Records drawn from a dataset
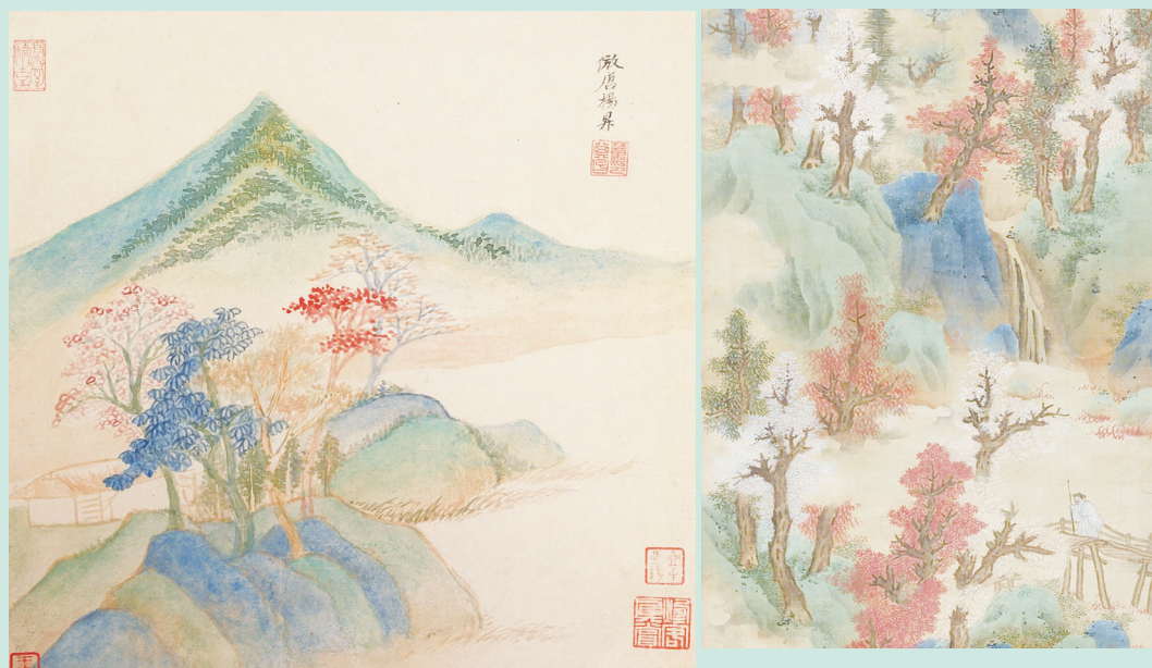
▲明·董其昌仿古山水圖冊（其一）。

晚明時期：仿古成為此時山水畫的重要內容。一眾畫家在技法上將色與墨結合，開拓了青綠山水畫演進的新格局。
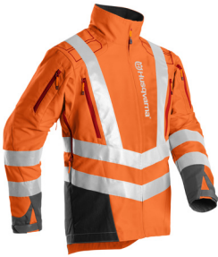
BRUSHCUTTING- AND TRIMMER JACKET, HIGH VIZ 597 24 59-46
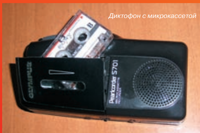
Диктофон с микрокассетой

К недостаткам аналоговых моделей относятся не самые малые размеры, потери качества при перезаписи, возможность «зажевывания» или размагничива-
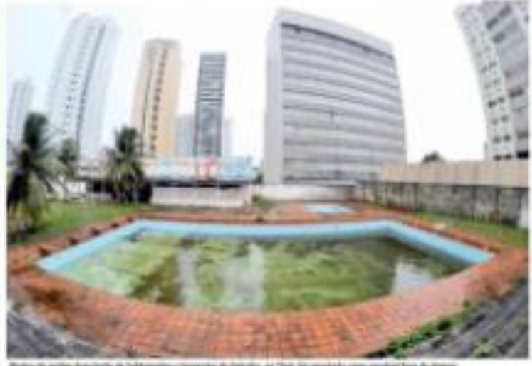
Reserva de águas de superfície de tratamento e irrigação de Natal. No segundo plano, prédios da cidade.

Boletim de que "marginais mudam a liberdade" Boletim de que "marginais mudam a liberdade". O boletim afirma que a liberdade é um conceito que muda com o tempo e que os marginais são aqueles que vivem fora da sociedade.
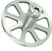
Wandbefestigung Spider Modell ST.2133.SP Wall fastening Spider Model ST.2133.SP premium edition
--
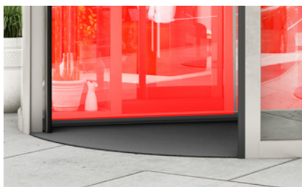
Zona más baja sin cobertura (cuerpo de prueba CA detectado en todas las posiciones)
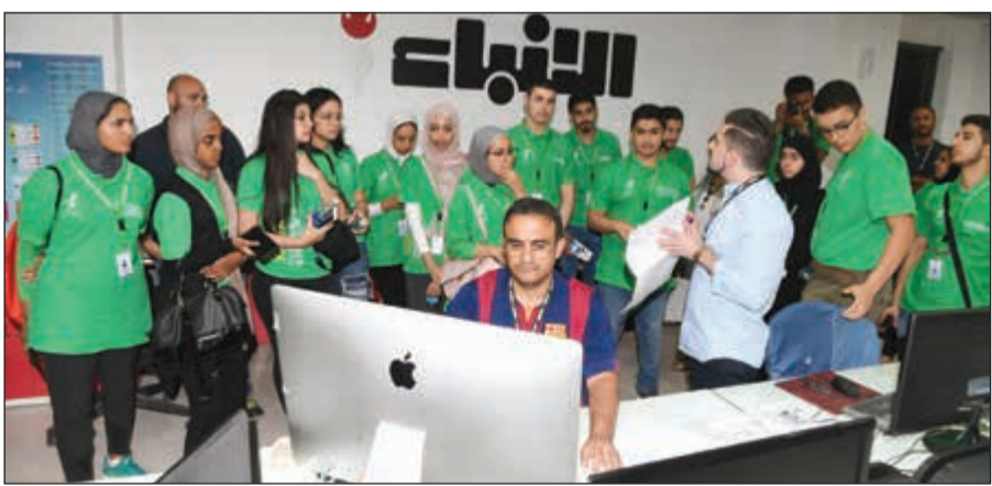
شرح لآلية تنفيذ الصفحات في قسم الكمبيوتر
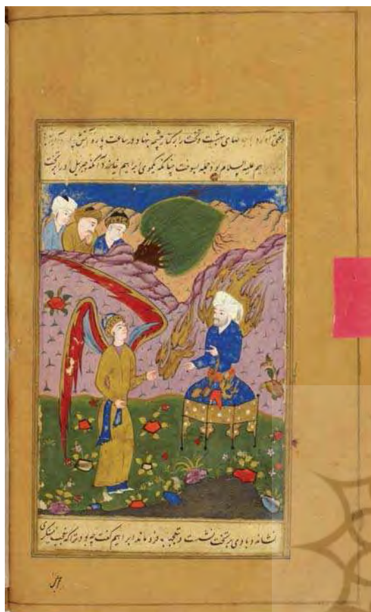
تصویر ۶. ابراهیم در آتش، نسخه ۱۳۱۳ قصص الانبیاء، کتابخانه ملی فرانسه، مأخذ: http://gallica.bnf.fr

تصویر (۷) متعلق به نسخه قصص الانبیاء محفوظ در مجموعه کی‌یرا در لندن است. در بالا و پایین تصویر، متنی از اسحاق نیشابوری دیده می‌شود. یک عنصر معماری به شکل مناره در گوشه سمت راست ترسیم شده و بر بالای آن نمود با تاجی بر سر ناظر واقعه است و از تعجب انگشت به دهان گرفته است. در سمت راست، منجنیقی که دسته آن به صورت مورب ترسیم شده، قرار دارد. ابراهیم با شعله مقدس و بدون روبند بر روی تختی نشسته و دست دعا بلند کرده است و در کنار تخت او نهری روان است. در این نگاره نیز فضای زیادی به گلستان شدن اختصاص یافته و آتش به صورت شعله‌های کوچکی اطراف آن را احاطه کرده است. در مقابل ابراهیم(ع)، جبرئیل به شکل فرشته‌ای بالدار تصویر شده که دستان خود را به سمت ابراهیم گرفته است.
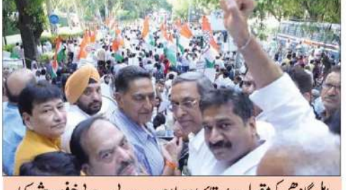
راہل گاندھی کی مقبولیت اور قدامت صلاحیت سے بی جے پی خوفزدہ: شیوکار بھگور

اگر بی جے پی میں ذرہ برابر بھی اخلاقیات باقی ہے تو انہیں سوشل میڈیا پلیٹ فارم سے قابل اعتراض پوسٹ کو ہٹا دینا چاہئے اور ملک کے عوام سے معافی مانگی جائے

| What to produce |
Return exactly the lines that appear in the data above between the line containing "تصویر (۷) متعلق" and the line containing "اگر بی جے پی", both of which are included, and leave the pictures out.

| Response for this exercise |
تصویر (۷) متعلق به نسخه قصص الانبیاء محفوظ در مجموعه کی‌یرا در لندن است. در بالا و پایین تصویر، متنی از اسحاق نیشابوری دیده می‌شود. یک عنصر معماری به شکل مناره در گوشه سمت راست ترسیم شده و بر بالای آن نمود با تاجی بر سر ناظر واقعه است و از تعجب انگشت به دهان گرفته است. در سمت راست، منجنیقی که دسته آن به صورت مورب ترسیم شده، قرار دارد. ابراهیم با شعله مقدس و بدون روبند بر روی تختی نشسته و دست دعا بلند کرده است و در کنار تخت او نهری روان است. در این نگاره نیز فضای زیادی به گلستان شدن اختصاص یافته و آتش به صورت شعله‌های کوچکی اطراف آن را احاطه کرده است. در مقابل ابراهیم(ع)، جبرئیل به شکل فرشته‌ای بالدار تصویر شده که دستان خود را به سمت ابراهیم گرفته است.
راہل گاندھی کی مقبولیت اور قدامت صلاحیت سے بی جے پی خوفزدہ: شیوکار بھگور

اگر بی جے پی میں ذرہ برابر بھی اخلاقیات باقی ہے تو انہیں سوشل میڈیا پلیٹ فارم سے قابل اعتراض پوسٹ کو ہٹا دینا چاہئے اور ملک کے عوام سے معافی مانگی جائے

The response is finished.